Next, let's calculate the distribution of movies by year. Write a query that returns the **total** number of movie titles for each `startYear` in the `Title` table as `total`.  Keep in mind that some entries may not have a `startYear` listed -- you should filter those out.  Order your final results by the `startYear` in **ascending** order. As in the `q1a`, remember that movies are defined as having `titleType=’movie’`.

The first few records of the table should look like the following (but you should compute the entire table).


| |startYear|total|
|-----|------|-----|
|**0**|1915|1|
|**1**|1920|1|
|**2**|1921|1|
|**3**|1922|1|
|...|...|...|



In [None]:
query_q1b = """
...       # replace this with
...;      # your multi-line solution
"""


res_q1b = pd.read_sql(query_q1b, engine)
res_q1b

In [None]:
grader.check("q1b")

<br/><br/>

The following cell should generate an interesting plot of the number of movies that premiered each year.
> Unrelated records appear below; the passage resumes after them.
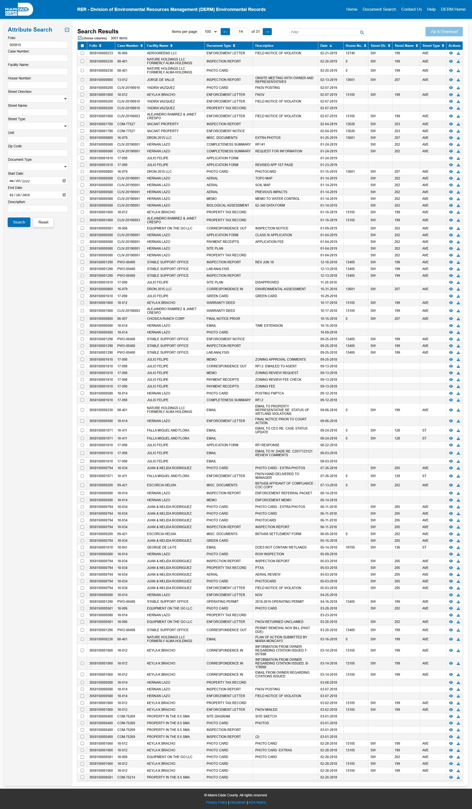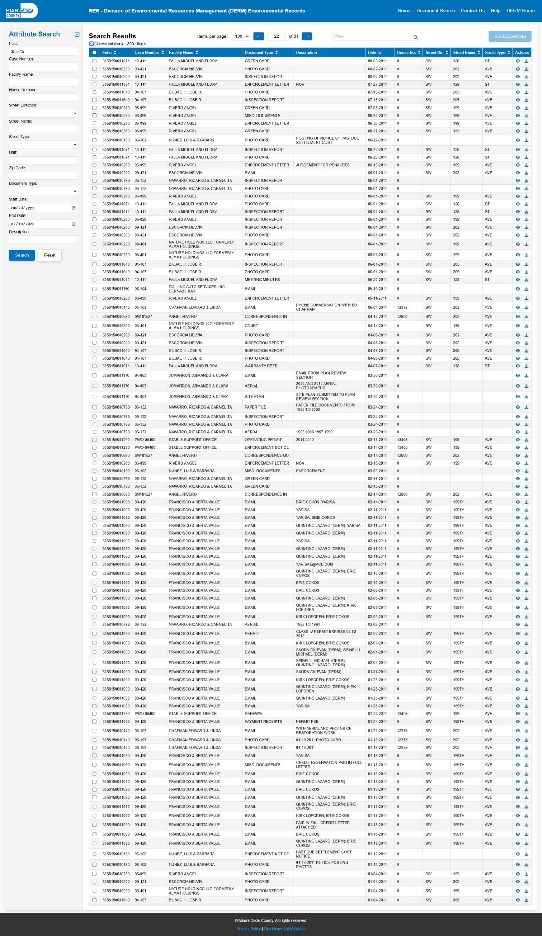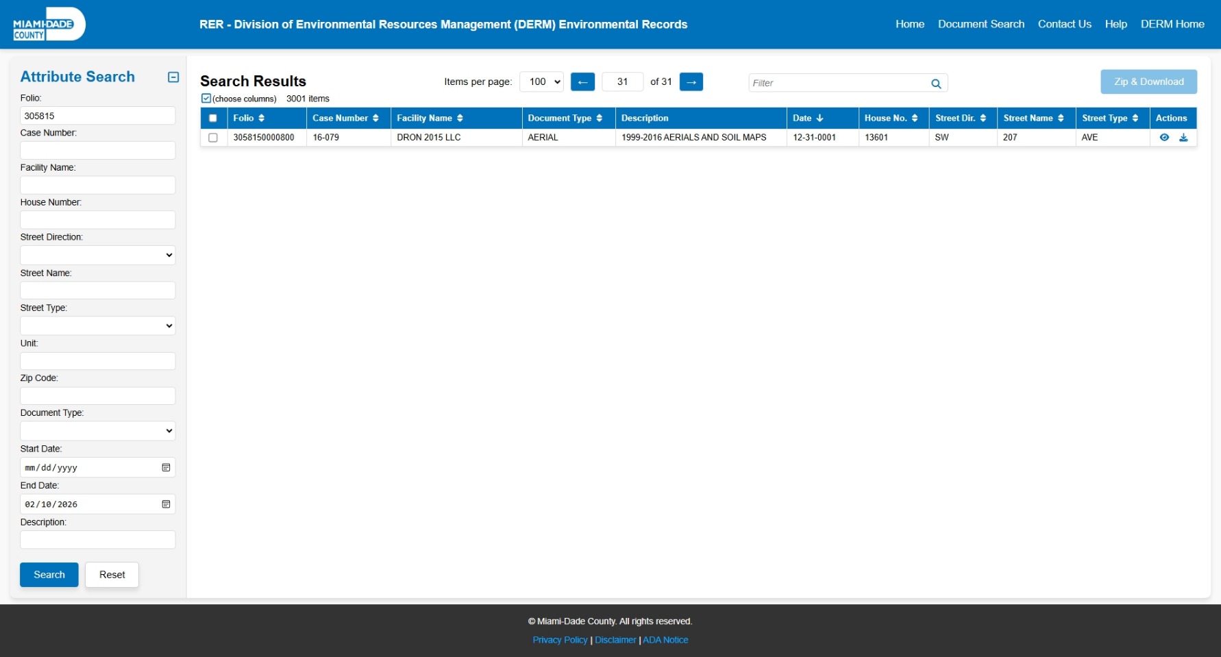 At the time of access, the DERM-RER portal represented the responsive record set as:
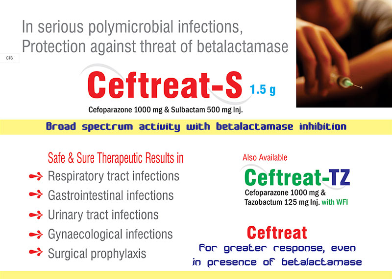 | CEFTREAT-S 1.5 | Cefoparazone 1000mg with Sulbactum 500mg Injection | 20x1Vail | View Catalog | View Product |
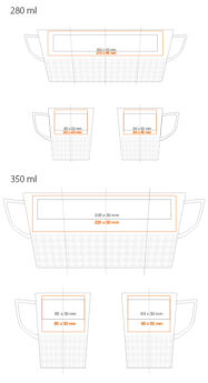 Designer elegante mok gemaakt van hoogwaardig porselein. Heeft een modern oor en uitsteeksels die het een uniek karakter geven. Ideaal voor het aanbrengen van originele ontwerpen.
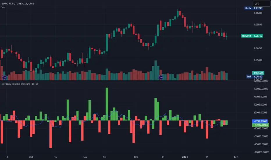 This indicator shows the difference of bullish and bearish trading volume during intraday
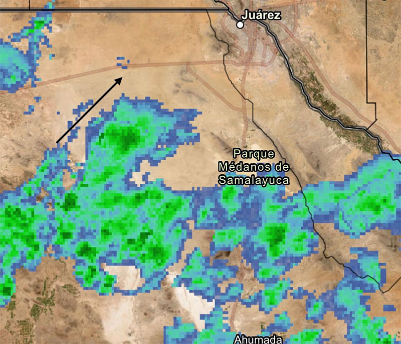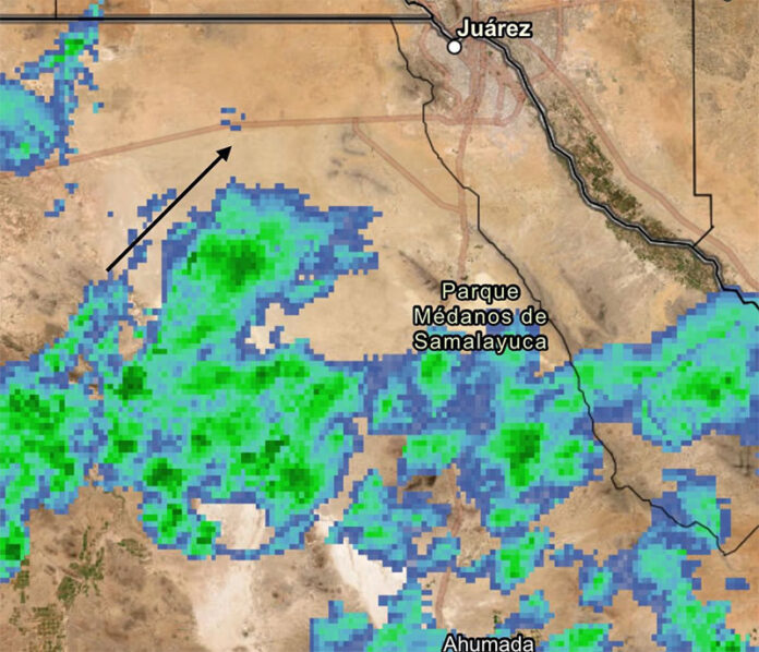 De acuerdo con el aviso meteorológico informativo actualizado a las 8:12 de la mañana de este lunes 13 de octubre, se detecta nubosidad de baja a moderada densidad ingresando a la zona de Samalayuca, con desplazamiento de suroeste a noreste rumbo a territorio estadounidense. Este sistema podría transitar en las próximas horas sobre la ciudad.
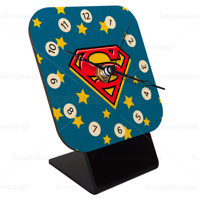 Superman Blue, Quartz Table clock in natural wood (10cm)
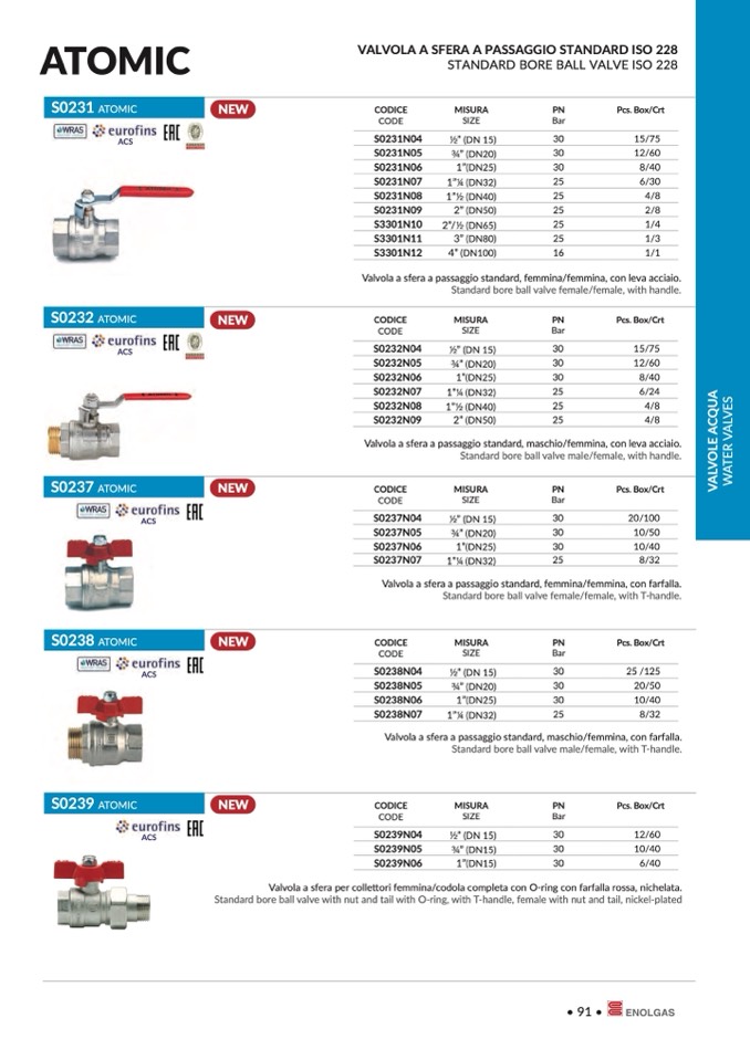 Valvola a sfera a passaggio standard, maschio/femmina, con farfalla.
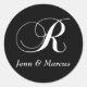 Customisable Monogram Wedding Sticker. Customise with your names and dark background colour
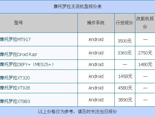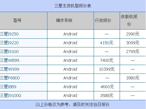 另外,HTC EVO 3D在前段时间,价格一直维持在2200元左右,可谓市面上最超值的双核手机。不过近两天,上游经销商开始收紧货源,加大利润空间,所以价格开始大幅上涨,最终将会长到2500元左右。除了以上个别机型之外,近期其他机型的价格走势还是比较乐观的,下面笔者为大家带来近期热门机型的报价表,希望能给您的选购带来帮助。
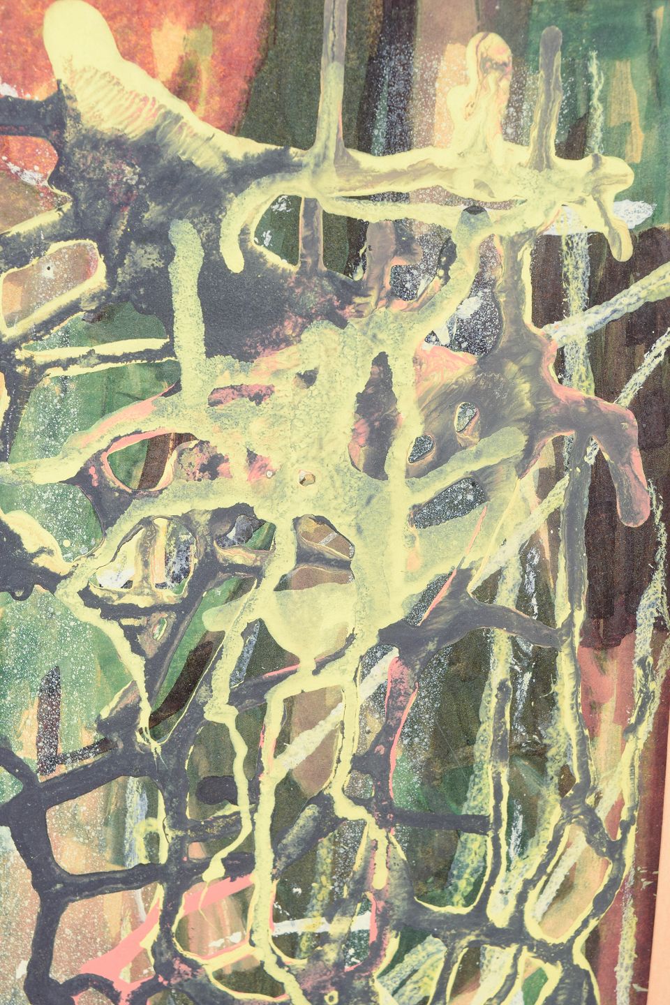 Gunnar Fohlin, mixed media på papir, svensk kunstner.Abstrakt komposition udført i mixed media på papir med kraftige lag af farve, dryppede linjer og ekspressive penselstrøg i grønne, gule, sorte og rosa toner. Kompositionen har et spontant og gestisk udtryk med overlappende former og strukturer.
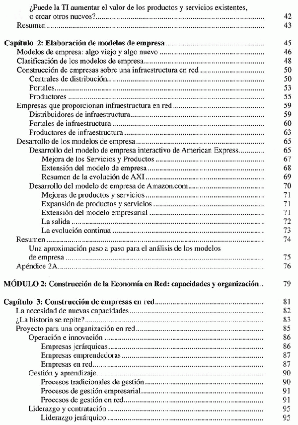 La presente información aquí presentada esta organizada en una introducción, cuatro módulos y una conclusión. el primer modulo esta dirigido a comprender el impacto de las TI en los mercados y las industrias. se discute el tema del posicionamiento estratégico y se explica como las TI del siglo XXI ofrecen oportunidades para cambiar la estructura de los mercados/industrias, el poder y las relaciones. El segundo modulo traslada la atención del entorno externo a la organizacion interna. se exploran las nuevas capacidades, los principios de gestión y las fuentes de valor que se originan en las compañías que trabajan en red.
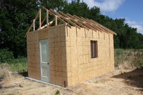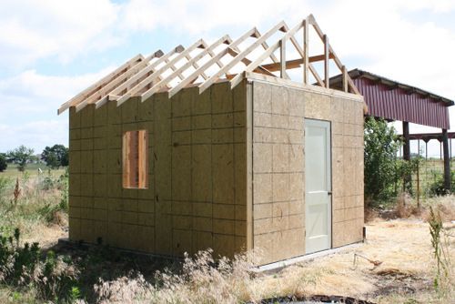 I had guesstimated the number of sheets of OSB I would need and came up one short. You can only just see it in this pic but we got the roof peak OSB cut and installed on the north side. The south side should be easy because we noted our measurements and will be able to snap a chalk line, get it cut and installed quite quickly, I hope.
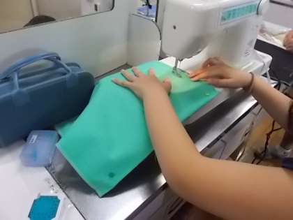 ポケットを縫い付けていました。みんな一生懸命です。
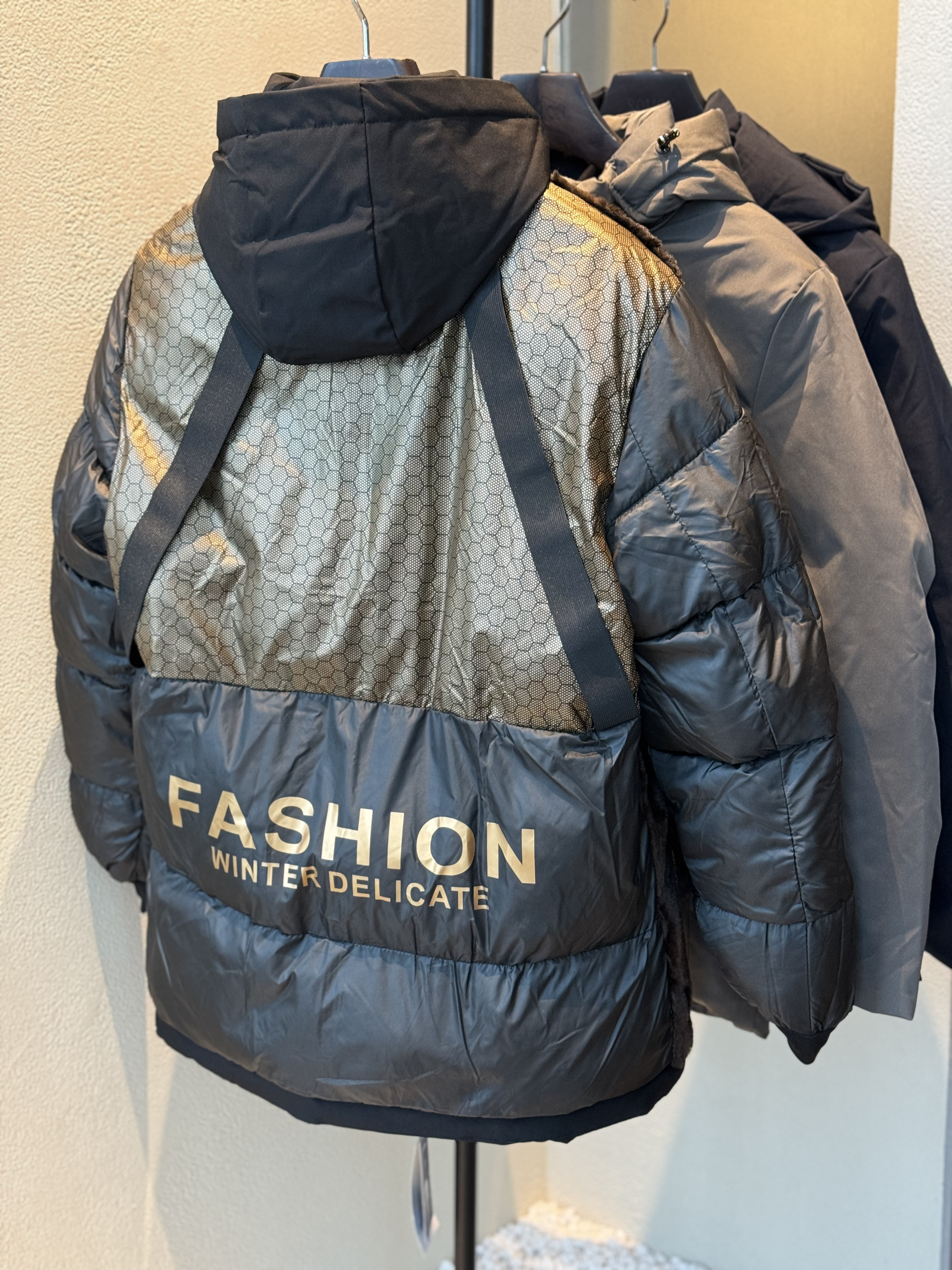 这款黑金派克服,是银泰、万达 、王府井等各大商场同步在售款,也是罗蒙总部大厦展厅、各实体店的C位款。

Notice there are less movies premiering from the 1920s to late 1940s. Why might that be? *This question is rhetorical; you do not need to write your answer anywhere.*

In [None]:
# Run this call to generate the bar plot.
px.bar(res_q1b, x="startYear", y="total", title="Number of movies premiered each year", width=1000, height=400)

<br/><br/>

---

## Question 2

Who are the **top 10 most prolific movie actors**?

Define the term **"movie actor"** is defined as anyone with an `"actor"` or `"actress"` job category role in a `"movie"` title type.

Your SQL query should output exactly two fields named `name` (the movie actor name) and `total` (the number of movies the movie actor appears in). Order the records by `total` in descending order, and break ties by ordering by `name` in ascending order.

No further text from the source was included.